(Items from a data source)
● ● ● ● ● ● ●
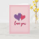 This card shows two overlapping hearts at the center, set against a soft pink background that gets a little darker near the bottom. One heart is bright fuchsia and the other is deep purple, and they sit close together like they’re hugging. Each heart has a white outline with a darker edge outside it, giving a sticker-like look and a bit of depth. The hearts have a slightly drawn look that keeps the design feeling warm and human. Below them, the words “love you” appear in smooth, flowing red lettering, placed near the lower middle of the card. The letters have a light shadow that helps the message stand out on the pale background. Altogether it feels sweet and romantic, perfect for a simple note of affection 💘❤️. Wishing you a lovely day of sharing Valentine’s Day feelings with someone you care about.
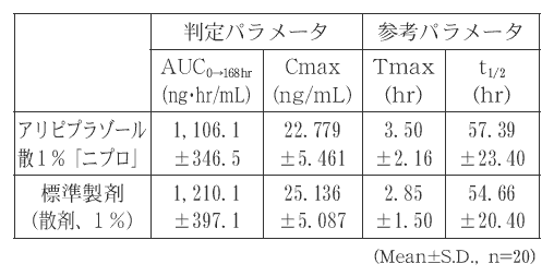 - アリピプラゾール散1%「ニプロ」と標準製剤のそれぞれ0.6g(アリピプラゾールとして6mg)を、クロスオーバー法により健康成人男子に絶食単回経口投与して血漿中アリピプラゾール濃度を測定した。得られた薬物動態パラメータ(AUC 0→168hr 、Cmax)について90%信頼区間法にて統計解析を行った結果、log(0.80)〜log(1.25)の範囲内であり、両剤の生物学的同等性が確認された。 4)
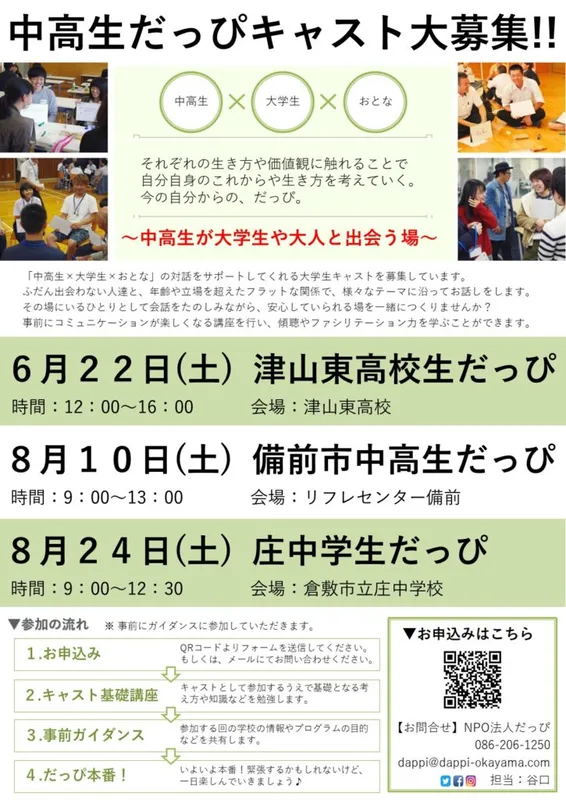 今年度も、岡山県内約20校の中学校・高校で「だっぴ」を実施いたします。
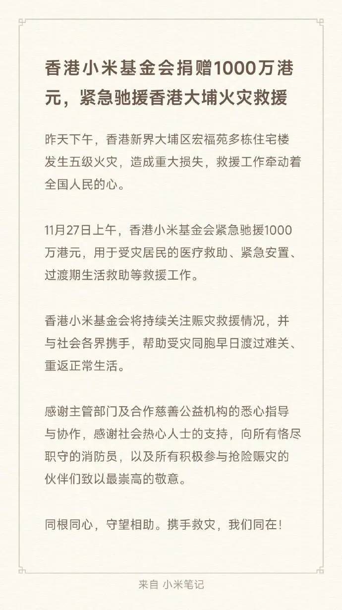 11月27日,雷军发文表示,香港小米基金会捐赠1000万港元,紧急驰援香港大埔火灾救援。祈愿逝者安息、伤者康复,受灾同胞早日渡过难关。
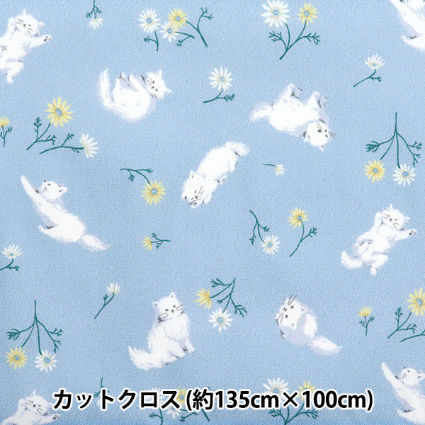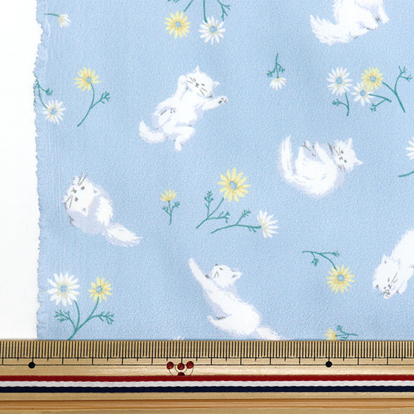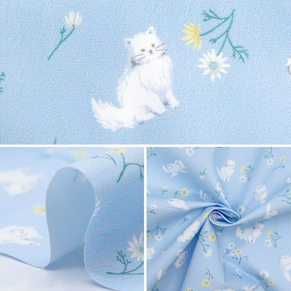 [はっ水加工 撥水加工 撥水生地 雨具 布 入園 入学 バッグ 袋物 猫 ねこ ネコ 動物 アニマル お花 フラワー 水色]
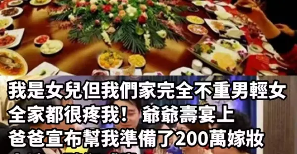 我是女兒, 但我們家「完全不重男輕女」全家都很疼我! 爺爺壽宴上「爸爸宣布幫我準備了200萬嫁妝」,大嫂一聽卻威脅:「錢不給我,我就拿掉肚子裡小孩!」 本來以為我媽會怕「結果下秒我媽說的話」讓她腿軟了
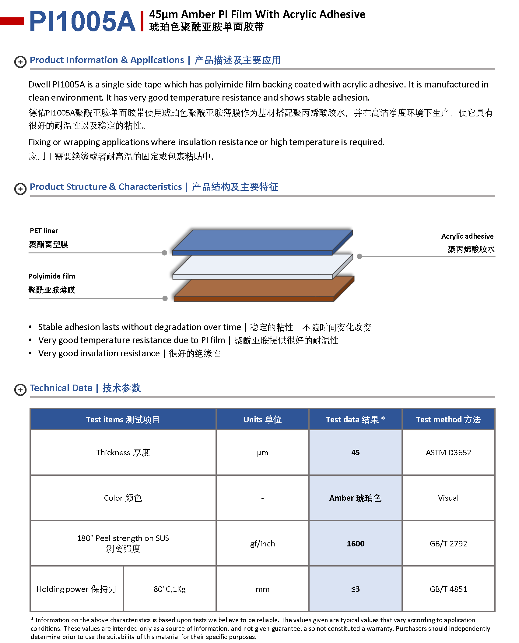 解決方案 > 單面薄膜膠帶 > Dwell PI1005A
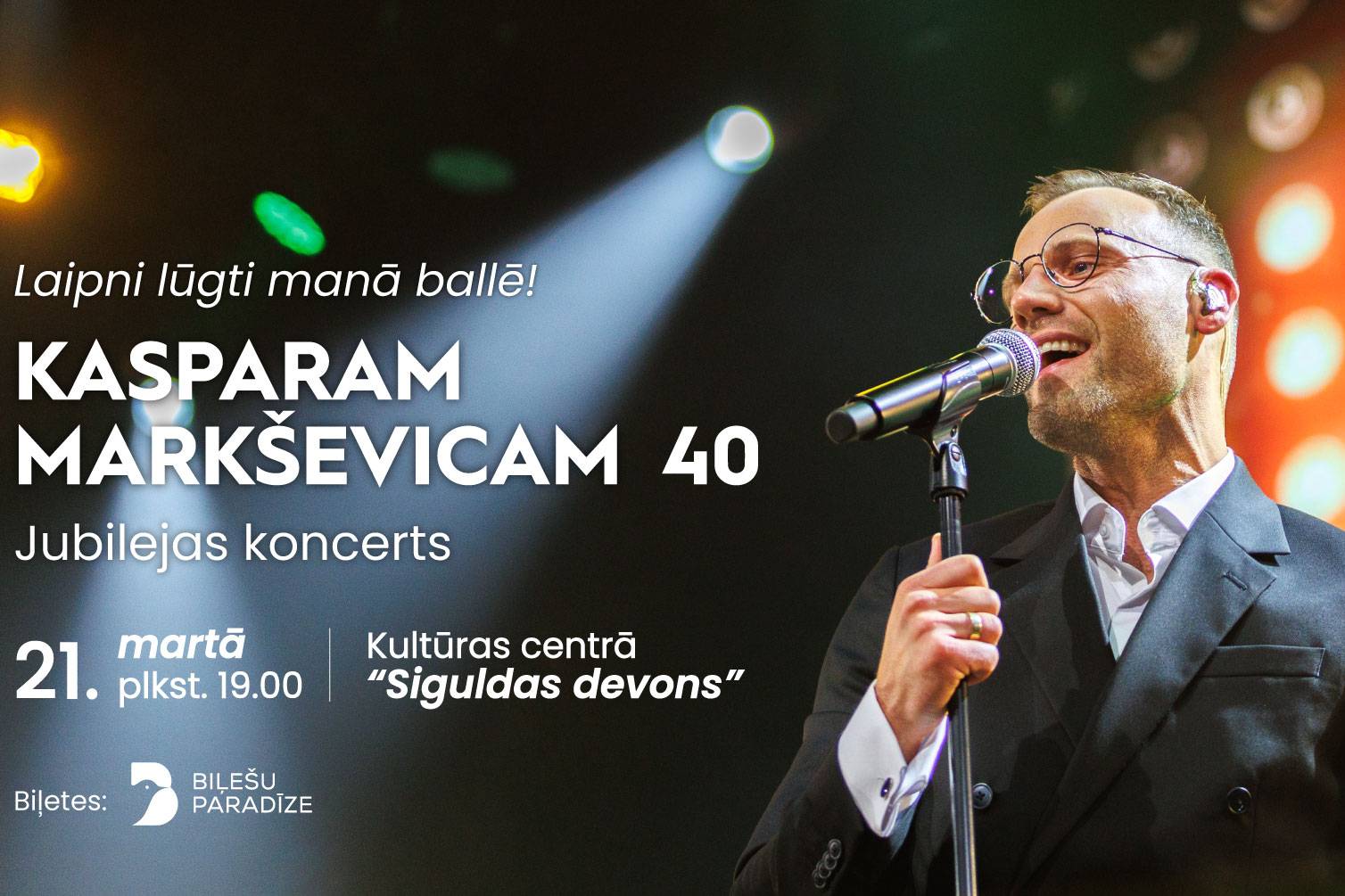 Pēc veiksmīgi aizvadītā koncerta Kultūras centrā “Ulbrokas pērle” pērnā gada nogalē populārais dziedātājs Kaspars Markševics klausītājus pavasarī aicina uz savai četrdesmit gadu jubilejai veltīto koncerttūri “Laipni lūgti manā ballē”, kuras pirmais koncerts notiks jau 13.martā Bauskas Kultūras centrā. Ar koncertiem dziedātājs viesosies arī Siguldā, Ventspilī, Kuldīgā, Cēsīs un citās Latvijas pilsētās.
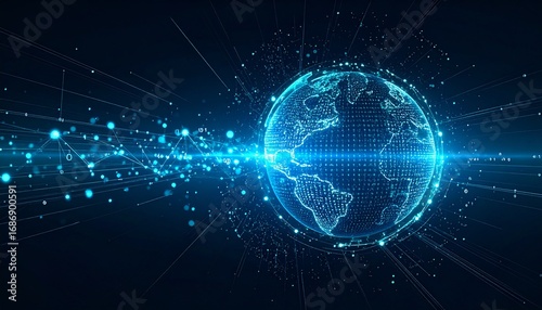 An abstract image of the digital globe that is full of complex web of connecting lines. It demonstrates a complex, data-driven world
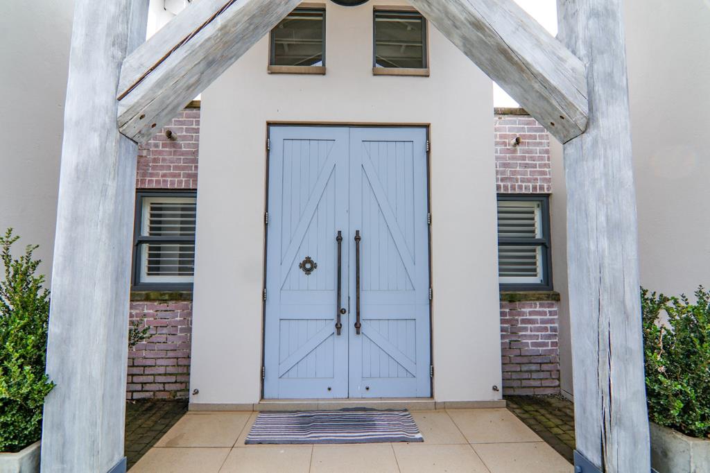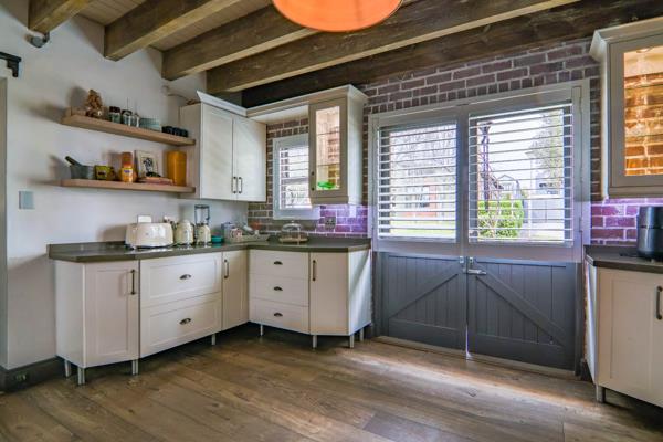 Five en suite bedrooms each open directly onto the veranda and garden, offering serene views and private outdoor access. The heart of the home is the open-plan kitchen, featuring a central island with a solid wood block countertop, complemented by a separate scullery, walk-in pantry, and charming double stable doors leading to the courtyard.
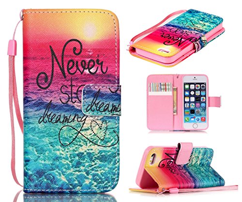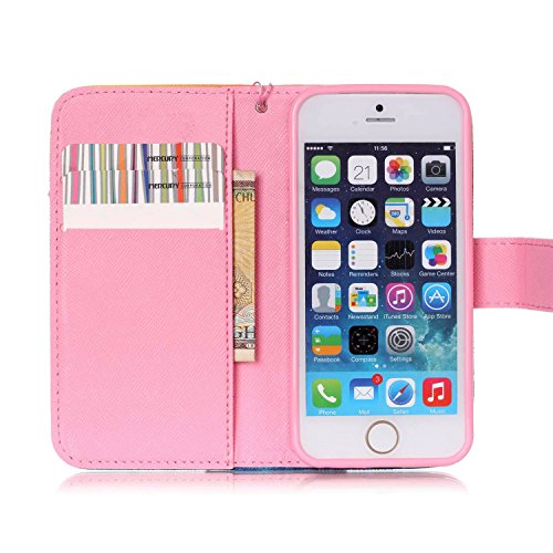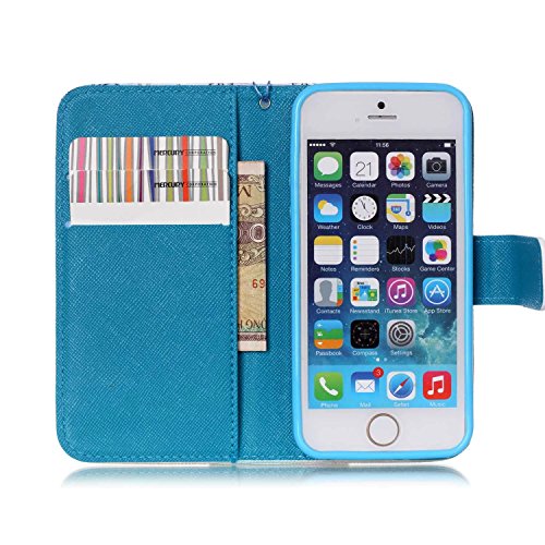 [Description] Compatibility: only for Apple iPhone 5/SE/5S - Verizon_ AT&T_ T-Mobile_ Sprint. Not for other devices_ compact_ elegant_ stylish pattern design. Ultra Slim folio type case to minimize bulk and weight. Stand Feature: Perfect for video chatting and watching movie.Can be converted easily into a stand case for video watching and messaging. Perfect: Easy snap on/off installation.Precise cut and design;Easy access to all ports_ sensors_ speakers_ cameras and all Phone features. Protects Feature: Made of premium synthetic leather;soft interior material provides a good protection of your phone.Protects your Apple iPhone 5/SE/5S against scratches_ dirt_ and daily wear and tear. Wallet Style: Included 2 Card Slots carry around your ID_ credit or debit cards_ and cash without having to take your wallet with you. Built-in magnetic for secure closure.Stylish PU Leather Wallet Case for Apple iPhone 5/SE/5S.Detachable Wrist strap for carrying convenience.
● ● ● ● ● ● ●
◆ REQUIRED ACTION
Among the records above, locate the line containing "[はっ水加工 撥水加工 撥水生地" and the line containing "An abstract image", then transcribe exactly the lines starting at the first and ending at the second, with no pictures.

◆ SOLVED PROBLEM
 [はっ水加工 撥水加工 撥水生地 雨具 布 入園 入学 バッグ 袋物 猫 ねこ ネコ 動物 アニマル お花 フラワー 水色]
 我是女兒, 但我們家「完全不重男輕女」全家都很疼我! 爺爺壽宴上「爸爸宣布幫我準備了200萬嫁妝」,大嫂一聽卻威脅:「錢不給我,我就拿掉肚子裡小孩!」 本來以為我媽會怕「結果下秒我媽說的話」讓她腿軟了
 解決方案 > 單面薄膜膠帶 > Dwell PI1005A
 Pēc veiksmīgi aizvadītā koncerta Kultūras centrā “Ulbrokas pērle” pērnā gada nogalē populārais dziedātājs Kaspars Markševics klausītājus pavasarī aicina uz savai četrdesmit gadu jubilejai veltīto koncerttūri “Laipni lūgti manā ballē”, kuras pirmais koncerts notiks jau 13.martā Bauskas Kultūras centrā. Ar koncertiem dziedātājs viesosies arī Siguldā, Ventspilī, Kuldīgā, Cēsīs un citās Latvijas pilsētās.
 An abstract image of the digital globe that is full of complex web of connecting lines. It demonstrates a complex, data-driven world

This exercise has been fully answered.